4 października, Mińsk /Kor. BELTA/. Jest to niezwykle niebezpieczne i świadczy o niezdrowym stanie społeczeństwa. Członek Izby Reprezentantów Wadim Gigin skomentował informacje o tym, że ukraińskie i białoruskie dzieci są poddawane poważnemu zastraszaniu w polskich szkołach.
„To niedopuszczalne w żadnym kraju - zauważył Wadim Gygin. - Niestety, możemy stwierdzić, że w ostatnich latach (w rzeczywistości sytuacja ta trwa już nawet kilkadziesiąt lat) w Polsce nasiliły się nastroje szowinistyczne. Pewne kategorie są wręcz faszyzowane. Widzimy marsze o charakterze jawnie neonazistowskim, które odbywają się w Święto Niepodległości Polski. Negatywne procesy zachodzą w środowisku kibicowskim, piłkarskim”.
Niewątpliwie te nastroje przenikają również do środowiska szkolnego, podkreślił deputowany.

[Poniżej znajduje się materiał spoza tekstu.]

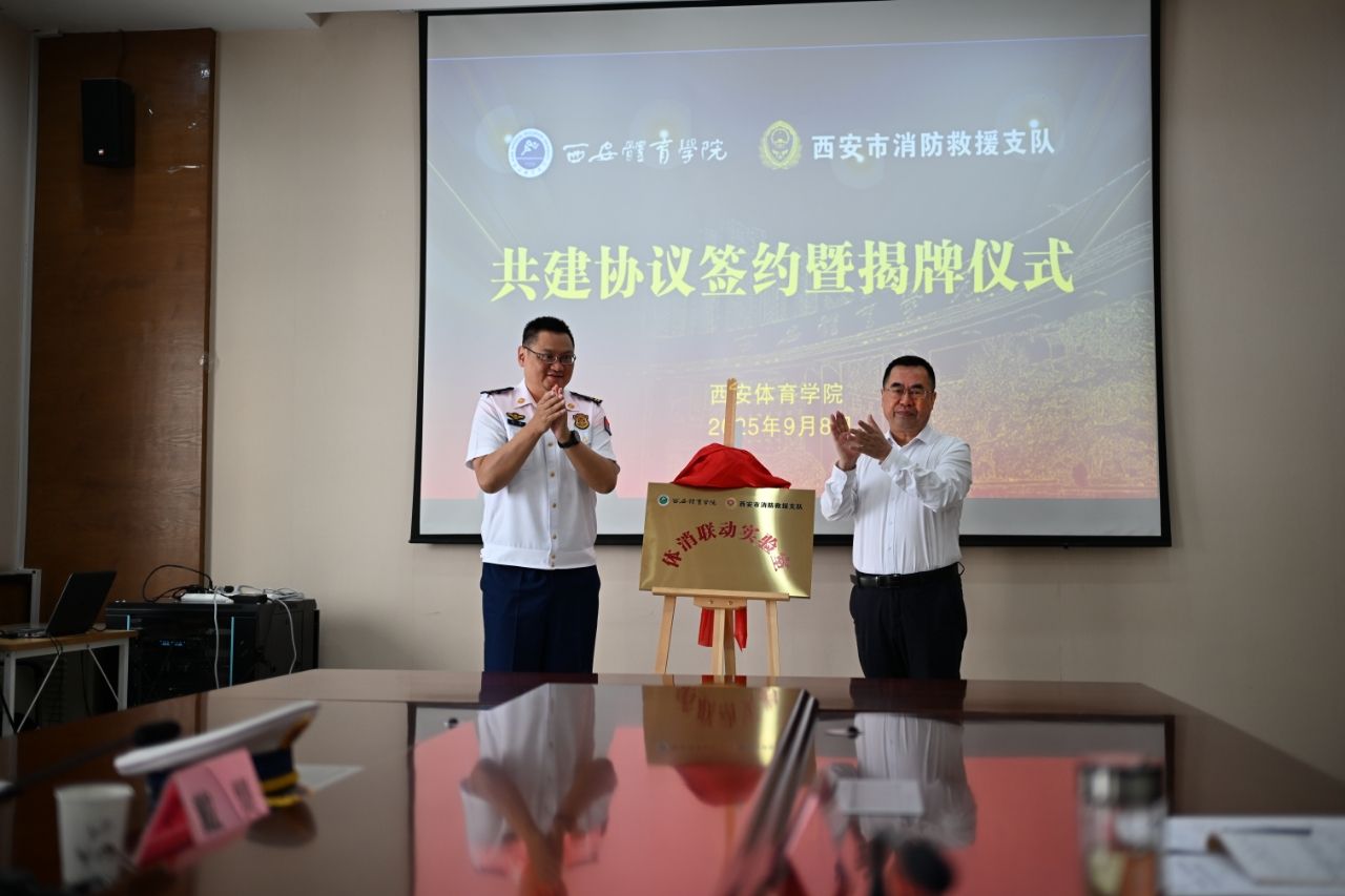 本网讯 9月8日,万象城与西安市消防救援支队举行战略合作签约仪式暨“体消联动实验室”揭牌仪式。西安市消防救援支队党委副书记、支队长赵璐,支队政治部主任夏波,副支队长王昱钦出席。万象城校长李富生主持会议并讲话,副校长雷振华出席。双方相关部门负责人一同参会。
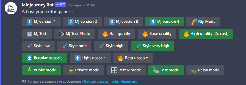 /Settings - это команда, которая вызывает меню базовых настроек. Я постараюсь вкратце рассказать что за что отвечает. 1. Версия движка. Можно выбрать старые если вам нужно. Помимо 4 стандартных версий самой Midjourney, теперь появился новый мод - Niji Mode - эта опция позволит вам создавать картинки в стиле аниме.Для сравнения: в режиме Niji Mode В стандартном режиме MJ version 4 Тоже самое на примере человеческого изображения: 2. MJ Test — это два экспериментальных изображения вместо четырёх Как оказалось, на данный момент работает только с Base Quality, со стилизацией не выше Style Med MJ Test Photo - режим фотореализма. работает с теми же условиями, что и MJ Test и еще одна попытка - (также выдает только 2 варианта) 3. Уровни качества генерации | Half quality |
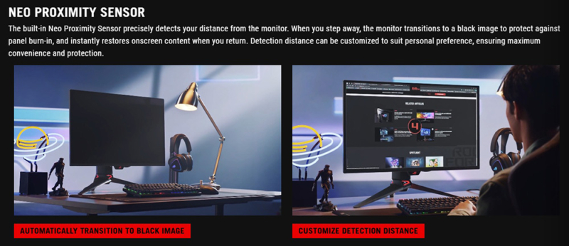 Another update from the original PG32UCDM is a shift to Asus’ ‘OLED Care Pro’ feature set, including loads of additional settings and their Neo Proximity motion Sensor.
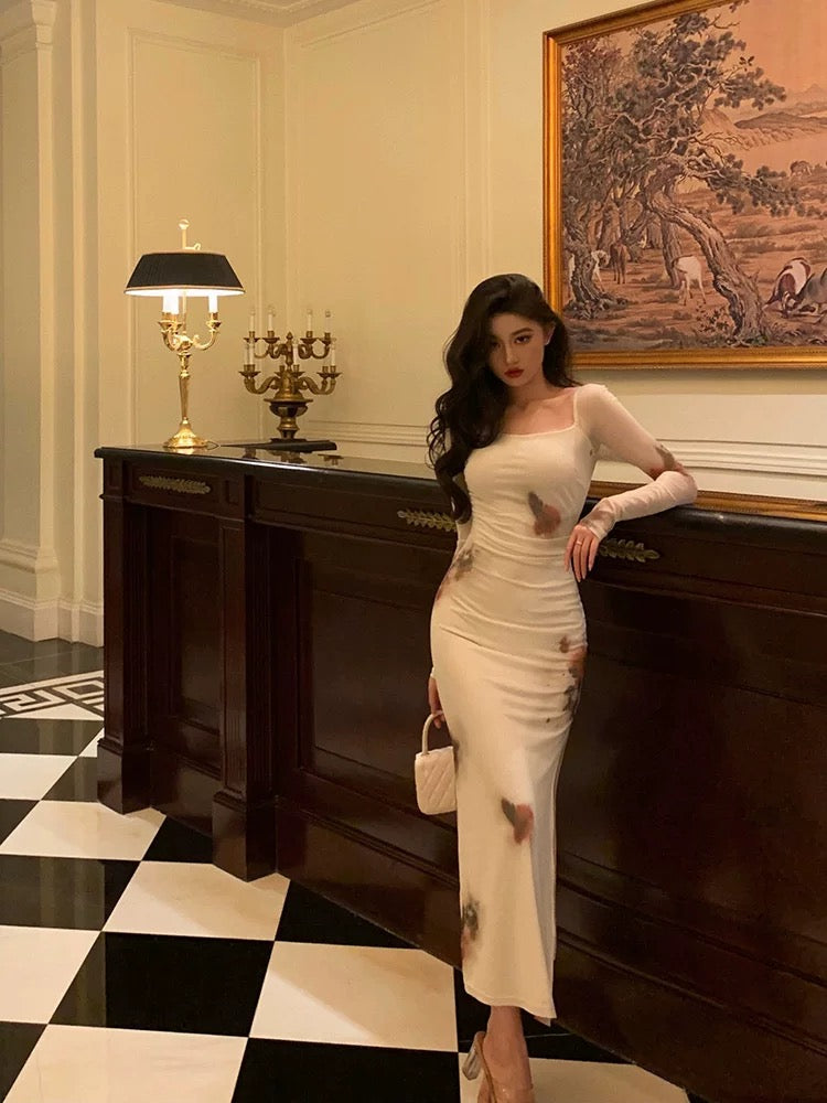 Sheath Square Neckline Long Sleeves Slit Floral Prom Dresses Birthday Dress SD411

„Nacjonalistyczna, ksenofobiczna propaganda, która ma obecnie miejsce w Polsce na poziomie oficjalnym, w mediach, ze strony partii politycznych, wpływa na całe społeczeństwo. A dzieci są często podatne na takie nastroje i wykorzystują takie nacjonalistyczne sygnały do zastraszania swoich rówieśników - dodał. - Często, zwłaszcza w okresie dojrzewania, przejawiają się różne elementy takich dewiacyjnych zachowań. Ale kiedy nakładają się na nie cechy ideologiczne, jest to niezwykle niebezpieczne i wskazuje na niezdrowy stan społeczeństwa".